▶ **Input data**
----------------------------------------

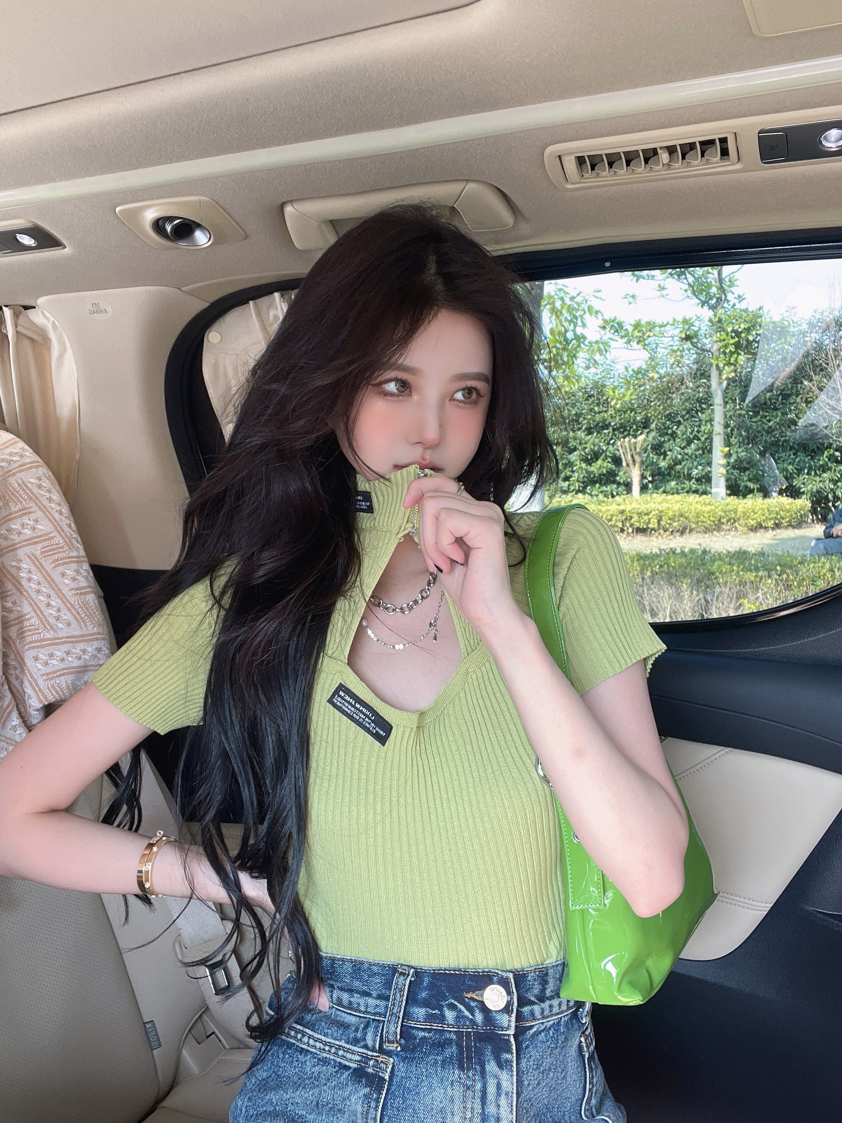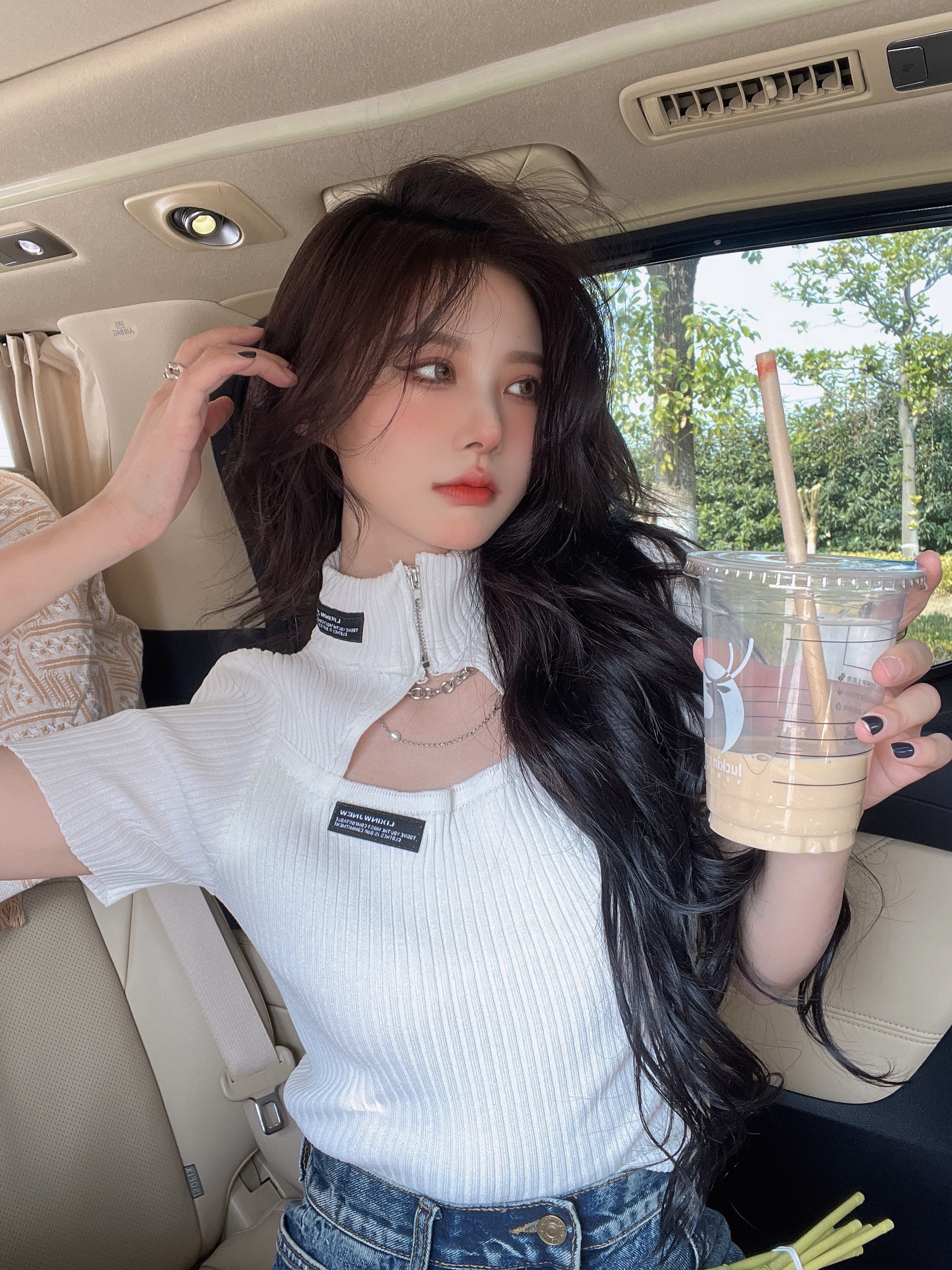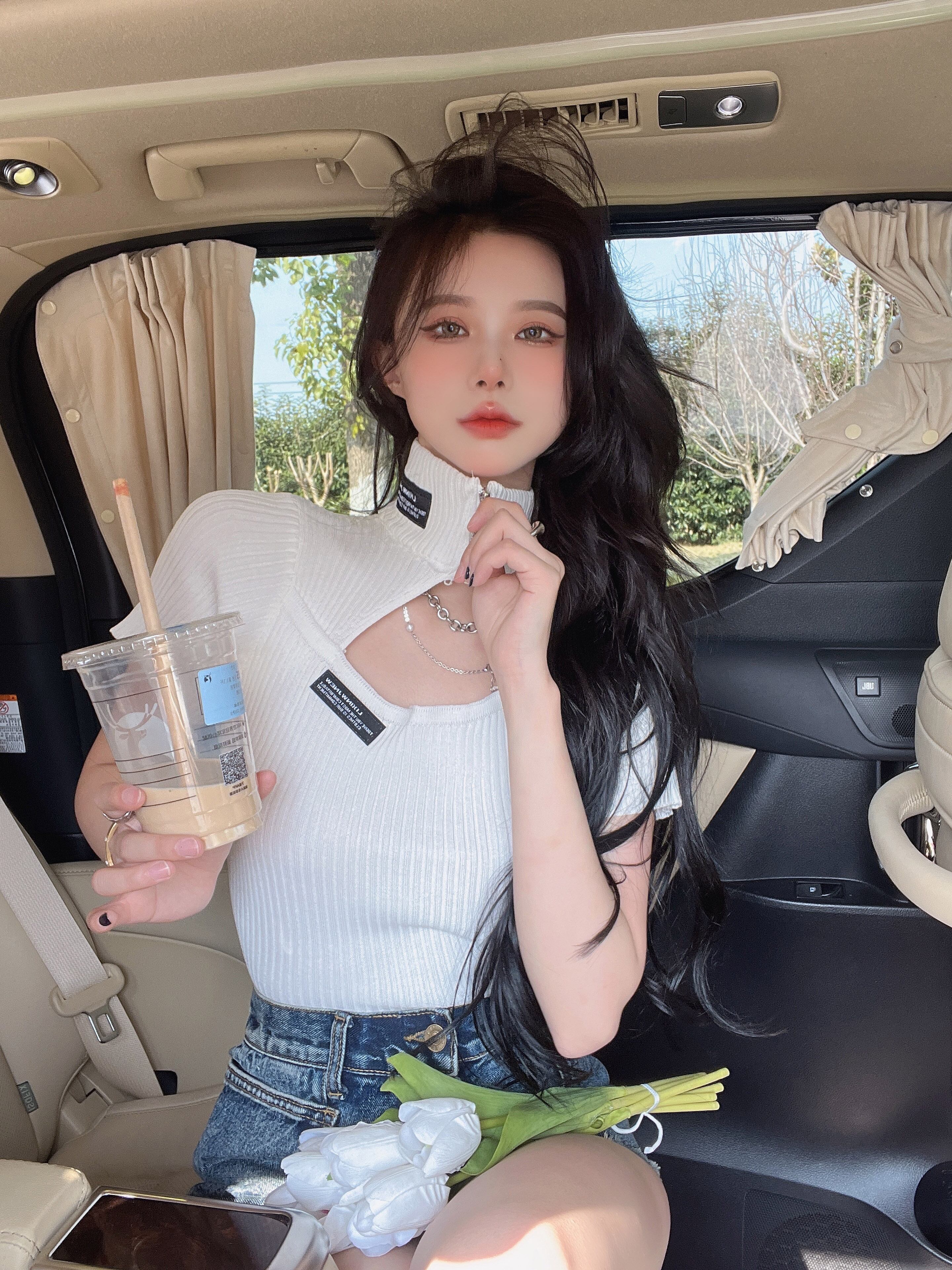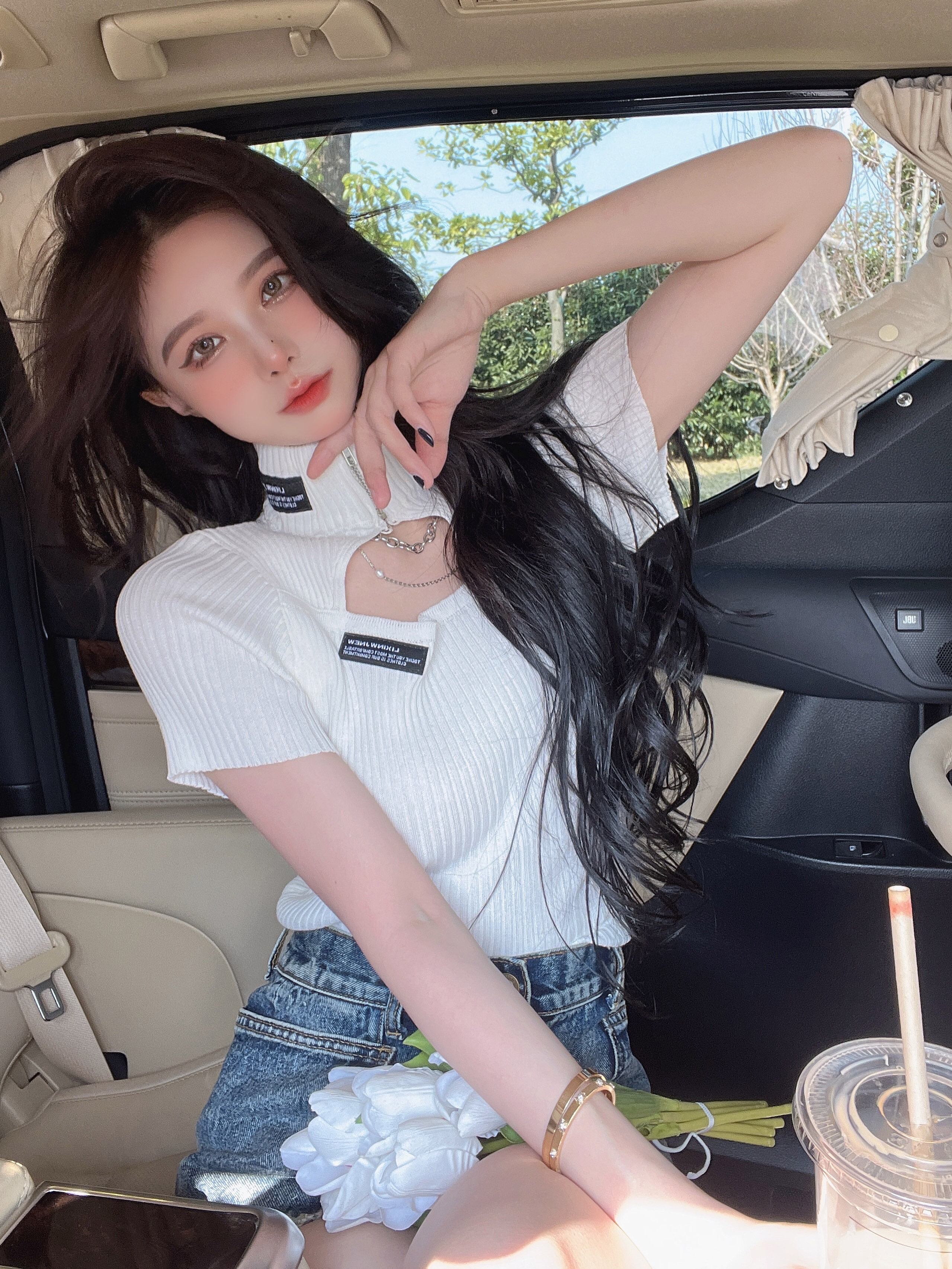 ニット半袖Tシャツ女性の2022年夏新しいファッションスモールシャツデザインセンスニッチ純粋な欲望中空タートルネックトップ サマー 夏物 ピュア 7460039589370563 | framboise21
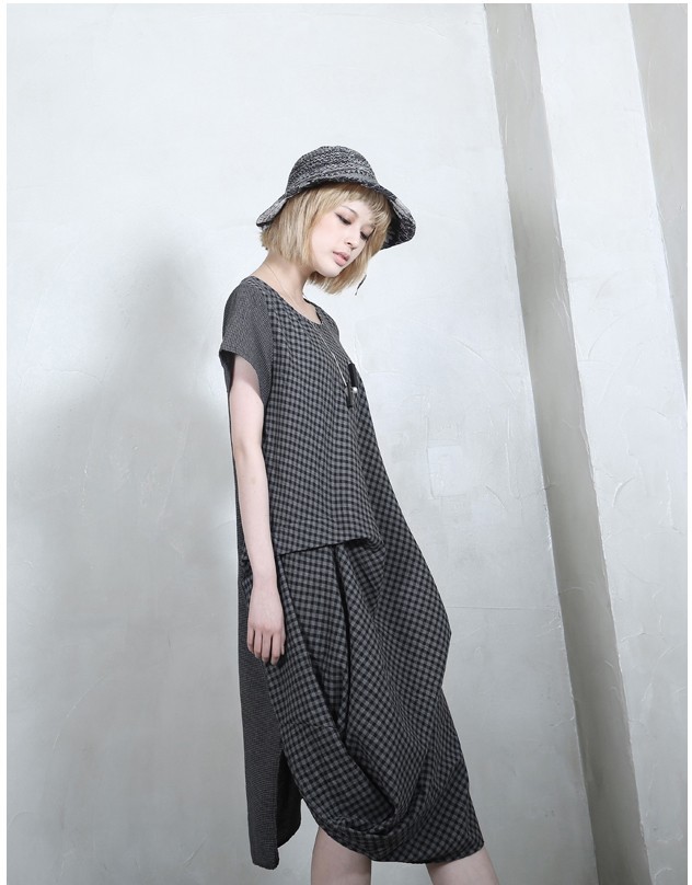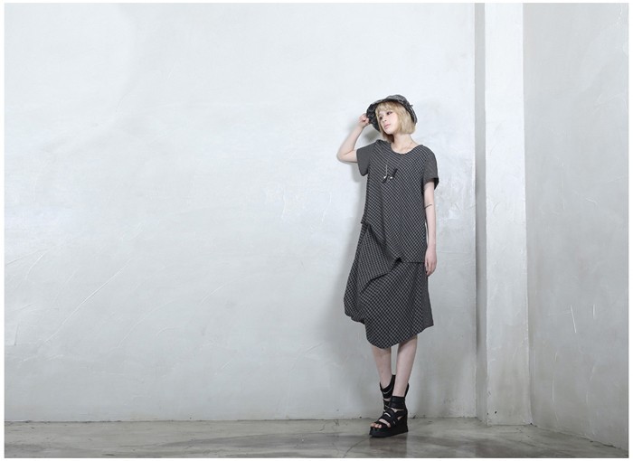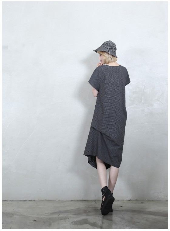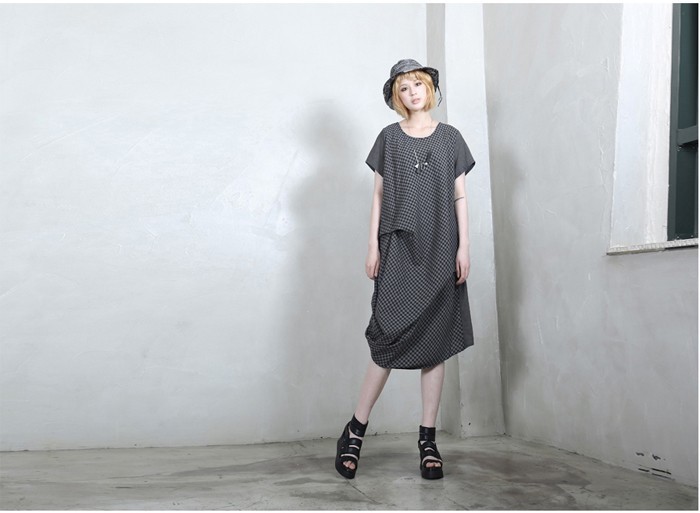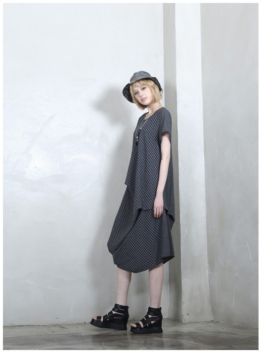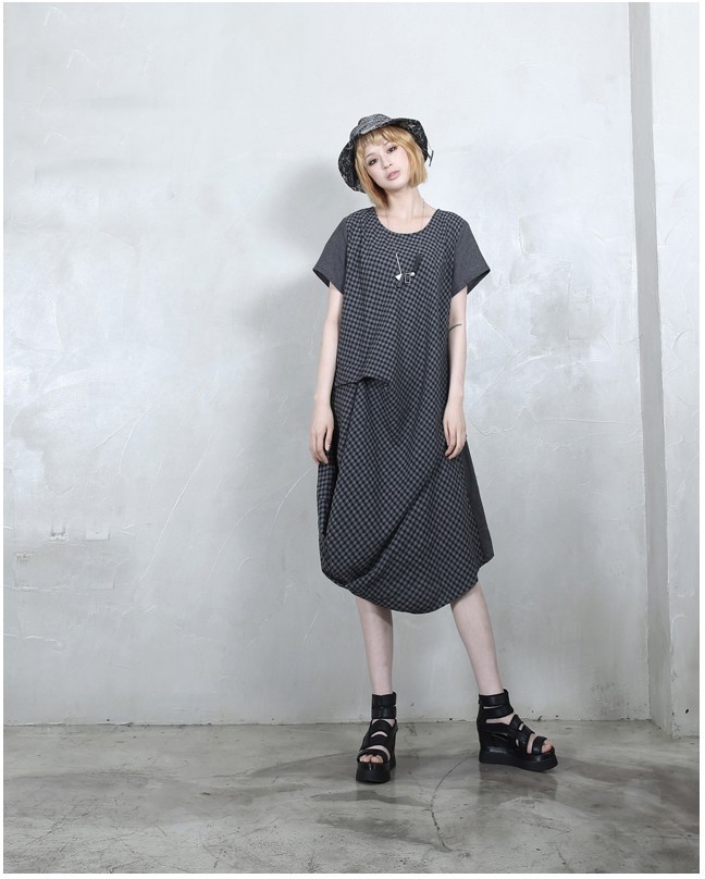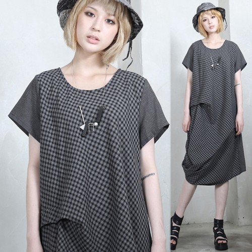 商品名:ワンピース レディース 膝丈 チェック 半袖 個性的 春 2018 モード系 個性的 40代 ファッション
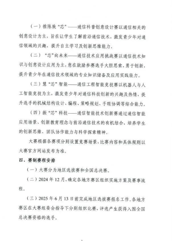 大赛设推陈致“芯”——通信科普创意设计赛、“芯”向未来——通信技术应用挑战赛、慧“芯”智能——通信工程智能竞技赛、振“芯”科技——通信智能技术创新赛四个赛项。
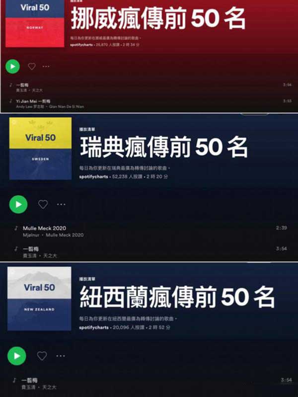 近日费玉清演唱的《一剪梅》在欧美热度居高不下,在知名音乐软件Spotify上,该曲在挪威热门歌曲排行榜获得第 1、芬兰排行榜排第2、瑞典排行榜也是第2.

----------------------------------------

▶ **What you need to do**
Without the pictures, transcribe the listing above exactly.

▶ **Solution**
 ニット半袖Tシャツ女性の2022年夏新しいファッションスモールシャツデザインセンスニッチ純粋な欲望中空タートルネックトップ サマー 夏物 ピュア 7460039589370563 | framboise21
 商品名:ワンピース レディース 膝丈 チェック 半袖 個性的 春 2018 モード系 個性的 40代 ファッション
 大赛设推陈致“芯”——通信科普创意设计赛、“芯”向未来——通信技术应用挑战赛、慧“芯”智能——通信工程智能竞技赛、振“芯”科技——通信智能技术创新赛四个赛项。
 近日费玉清演唱的《一剪梅》在欧美热度居高不下,在知名音乐软件Spotify上,该曲在挪威热门歌曲排行榜获得第 1、芬兰排行榜排第2、瑞典排行榜也是第2.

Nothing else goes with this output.